In general, when performing PCA, we’ll want to do (at least) three things:

- Look at the data in PC coordinates.
- Look at the rotation matrix.
- Look at the variance explained by each PC.

Let’s do these three things in turn.

## Look at the data in PC coordinates

We start by running the PCA and storing the result in a variable `pca_fit`

. There are two issues to consider here. First, the `prcomp()`

function can only deal with numeric columns, so we need to remove all non-numeric columns from the data. This is straightforward using the `where(is.numeric)`

tidyselect construct. Second, we normally want to scale the data values to unit variance before PCA. We do so by using the argument `scale = TRUE`

in `prcomp()`

.

```
pca_fit <- biopsy %>%
select(where(is.numeric)) %>% # retain only numeric columns
prcomp(scale = TRUE) # do PCA on scaled data
```

As an alternative to `scale = TRUE`

, we could also have scaled the data by explicitly invoking the `scale()`

function.

```
pca_fit <- biopsy %>%
select(where(is.numeric)) %>% # retain only numeric columns
scale() %>% # scale data
prcomp() # do PCA
```

Now, we want to plot the data in PC coordinates. In general, this means combining the PC coordinates with the original dataset, so we can color points by categorical variables present in the original data but removed for the PCA. We do this with the `augment()`

function from broom, which takes as arguments the fitted model and the original data. The columns containing the fitted coordinates are called `.fittedPC1`

, `.fittedPC2`

, etc.

```
pca_fit %>%
augment(biopsy) %>% # add original dataset back in
ggplot(aes(.fittedPC1, .fittedPC2, color = outcome)) +
geom_point(size = 1.5) +
scale_color_manual(
values = c(malignant = "#D55E00", benign = "#0072B2")
) +
theme_half_open(12) + background_grid()
```

## Look at the data in PC coordinates

Next, we plot the rotation matrix.

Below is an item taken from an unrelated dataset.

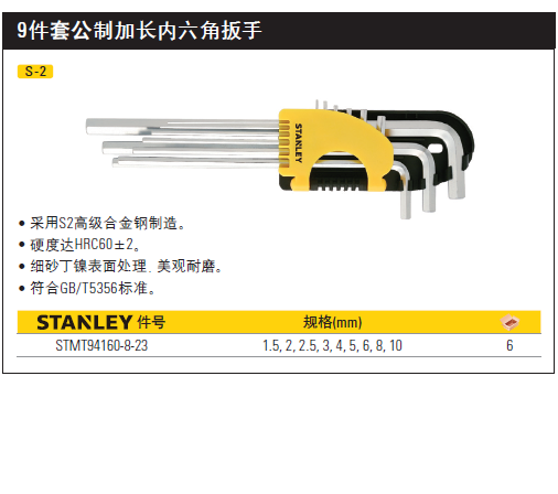 >  史丹利 9件套公制加长内六角扳手1.5-10mm

The rotation matrix is stored as `pca_fit$rotation`

, but here we’ll extract it using the `tidy()`

function from broom. When applied to `prcomp`

objects, the `tidy()`

function takes an additional argument `matrix`

, which we set to `matrix = "rotation"`

to extract the rotation matrix.

```
# extract rotation matrix
pca_fit %>%
tidy(matrix = "rotation")
```

```
# # A tibble: 81 x 3
# column PC value
# <chr> <dbl> <dbl>
# 1 clump_thickness 1 -0.302
# 2 clump_thickness 2 -0.141
# 3 clump_thickness 3 0.866
# 4 clump_thickness 4 -0.108
# 5 clump_thickness 5 0.0803
# 6 clump_thickness 6 -0.243
# 7 clump_thickness 7 -0.00852
# 8 clump_thickness 8 0.248
# 9 clump_thickness 9 -0.00275
# 10 uniform_cell_size 1 -0.381
# # … with 71 more rows
```

Now in the context of a plot:

```
# define arrow style for plotting
arrow_style <- arrow(
angle = 20, ends = "first", type = "closed", length = grid::unit(8, "pt")
)
# plot rotation matrix
pca_fit %>%
tidy(matrix = "rotation") %>%
pivot_wider(names_from = "PC", names_prefix = "PC", values_from = "value") %>%
ggplot(aes(PC1, PC2)) +
geom_segment(xend = 0, yend = 0, arrow = arrow_style) +
geom_text(
aes(label = column),
hjust = 1, nudge_x = -0.02,
color = "#904C2F"
) +
xlim(-1.25, .5) + ylim(-.5, 1) +
coord_fixed() + # fix aspect ratio to 1:1
theme_minimal_grid(12)
```

## Look at the variance explained by each PC

Finally, we’ll plot the variance explained by each PC. We can again extract this information using the `tidy()`

function from broom, now by setting the `matrix`

argument to `matrix = "eigenvalues"`

.

```
pca_fit %>%
tidy(matrix = "eigenvalues")
```

```
# # A tibble: 9 x 4
# PC std.dev percent cumulative
# <dbl> <dbl> <dbl> <dbl>
# 1 1 2.43 0.656 0.656
# 2 2 0.881 0.0862 0.742
# 3 3 0.734 0.0599 0.802
# 4 4 0.678 0.0511 0.853
# 5 5 0.617 0.0422 0.895
# 6 6 0.549 0.0335 0.928
# 7 7 0.543 0.0327 0.961
# 8 8 0.511 0.0290 0.990
# 9 9 0.297 0.00982 1
```

Now in the context of a plot.

```
pca_fit %>%
tidy(matrix = "eigenvalues") %>%
ggplot(aes(PC, percent)) +
geom_col(fill = "#56B4E9", alpha = 0.8) +
scale_x_continuous(breaks = 1:9) +
scale_y_continuous(
labels = scales::percent_format(),
expand = expansion(mult = c(0, 0.01))
) +
theme_minimal_hgrid(12)
```

The first component captures 65% of the variation in the data and, as we can see from the first plot in this post, nicely separates the benign samples from the malignant samples.